# Pig Out Perch Chowder Recipe Is Here!!!



## Grandpa D (Sep 7, 2007)

I just added the recipe over on the recipe forum.
Thank you TubeDude.  
ENJOY!!!


----------



## JAT83 (Sep 9, 2007)

NICE!!! Sounds sooo good! Now I just gotta get me some perch!


----------



## LOAH (Sep 29, 2007)

Catching perch is simple: Just go somewhere that has perch and try to catch a trout. -/O\- 

Works every time! (Stupid Perch!) :lol:


----------



## JAT83 (Sep 9, 2007)

LOAH said:


> Catching perch is simple: Just go somewhere that has perch and try to catch a trout. -/O\-
> 
> Works every time! (Stupid Perch!) :lol:


I'll have to try Deer Creek or the 'nelle, anywhere else close to Salt Lake that has Perch?


----------



## LOAH (Sep 29, 2007)

Rockport. Perch, perch, perch.


----------



## JAT83 (Sep 9, 2007)

I didn't even think of Rockport, I'll have to give that one a try! What works best for them...Jigs/worms?


----------



## LOAH (Sep 29, 2007)

I only payed one visit and I knew they were there, so I tried to avoid them by fishing the top. As soon as I let a worm sink, it was on. There's free parking by the dam...Just hike down and "upstream" a little ways until you see some good structure trends. Slide a worm up your hook and line (get a threader...best worm tool ever $2.00) and throw some split shots about 10 inches up. I'm sure it won't take long to get a perch...if you notice you have one. :lol: 

(Stupid Perch!)


----------



## JAT83 (Sep 9, 2007)

LOAH said:


> I only payed one visit and I knew they were there, so I tried to avoid them by fishing the top. As soon as I let a worm sink, it was on. There's free parking by the dam...Just hike down and "upstream" a little ways until you see some good structure trends. Slide a worm up your hook and line (get a threader...best worm tool ever $2.00) and throw some split shots about 10 inches up. I'm sure it won't take long to get a perch...if you notice you have one. :lol:
> 
> (Stupid Perch!)


Yeah, I bought a worm threader a couple years ago and they do work wonders....so much easier and the worm definitely stays on the hook a heck of a lot better than trying to thread it by hand. I take it you don't like perch? :lol: I'm sure large trout are still for sure a lot funner to catch, I am just curious to see what perch taste like, and it is another fish to mark off on the list!  After perch, the next on the list is Walleye!


----------



## takemefishin (Sep 13, 2007)

LOAH said:


> Rockport. Perch, perch, perch.


i wanna catch perch. were you on the east or west side for these perchies.

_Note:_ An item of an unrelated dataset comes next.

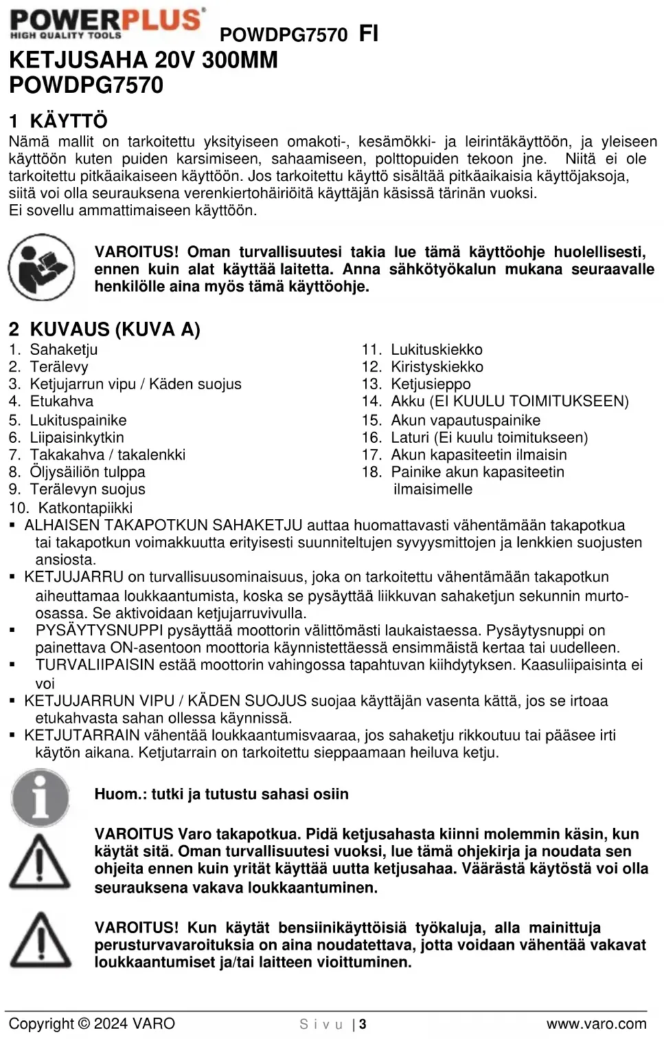 - KETJUTARRAIN vähentää loukkaantumisvaaraa, jos sahaketju rikkoutuu tai pääsee irti käytön aikana. Ketjutarrain on tarkoitettu sieppaamaan heiluva ketju. Huom.: tutki ja tutustu sahasi osiin VAROITUS Varo takapotkua. Pidä ketjusahasta kiinni molemmin käsin, kun käytät sitä. Oman turvallisuutesi vuoksi, lue tämä ohjekirja ja noudata sen ohjeita ennen kuin yrität käyttää uutta ketjusahaa. Väärästä käytöstä voi olla seurauksena vakava loukkaantuminen. VAROITUS! Kun käytät bensiinikäyttöisiä työkaluja, alla mainittuja perusturvavaroituksia on aina noudatettava, jotta voidaan vähentää vakavat loukkaantumiset ja/tai laitteen vioittuminen.POWDPG7570 FI Copyright © 2024 VARO S i v u | 4 www.varo.com

heading up there next week sometime. heading up to hyrum on sunday maybe i'll get into some perchies up there.


----------



## LOAH (Sep 29, 2007)

I think it was the West side, but I could be wrong.

Right where the main road goes by the dam, I parked and hike down. That side. Go catch all of them, please. :lol: Have fun "perchy".


----------



## LOAH (Sep 29, 2007)

:lol: I never said they taste bad. I hate the little bastages because they get in the way when I'm going for trout. I actually enjoy the taste of them, but in all honesty, I like trout more and I'd rather bring a couple tasty pink trout home instead of 10 or more spiney, scaley little bait robbers.

The only times I actually feel okay about catching a perch is when otherwise, I would've gotten skunked, or when I've been into the other fish all day. 

No offense to those of you that love catching perch. Yes, it's still fishing and it's better than catching nothing at all.

Maybe I exaggerate my abhorrence of the species a little, but they do tend to push my buttons when I'm going for my idea of a much better fish.

And I'll take anybody up on an offer to fry up some freshly caught treats!


----------



## Grandpa D (Sep 7, 2007)

Loah, you are not alone with your thinking.
Many of us don't chase Perch, until the ice is on.
What makes this fun is that the Perch will be looking for the deep water in the winter and many of the Trout will be in shallower water, away from the Perch.
An example of this is Rockport. I will fish in 40' or deeper water for Perch, and after I pick up a limit, I will move in to 20" or less water and spend the rest of the day catching Trout.
The exception for me is when I take my boat to Mantua. I target Perch all year up there.
I will usually have my grandkids or other newbies with me there. The Perch and Bluegill are fun for them to catch, and they provide for a great fish fry when we get back home.

We will have to get you on the ice this year and change your mind about fishing for Perch.


----------



## GeorgeHayduke (Sep 13, 2007)

... I LOVE Perch ...and I Love Sunfish...On Flies....Catching - AND eating!....


----------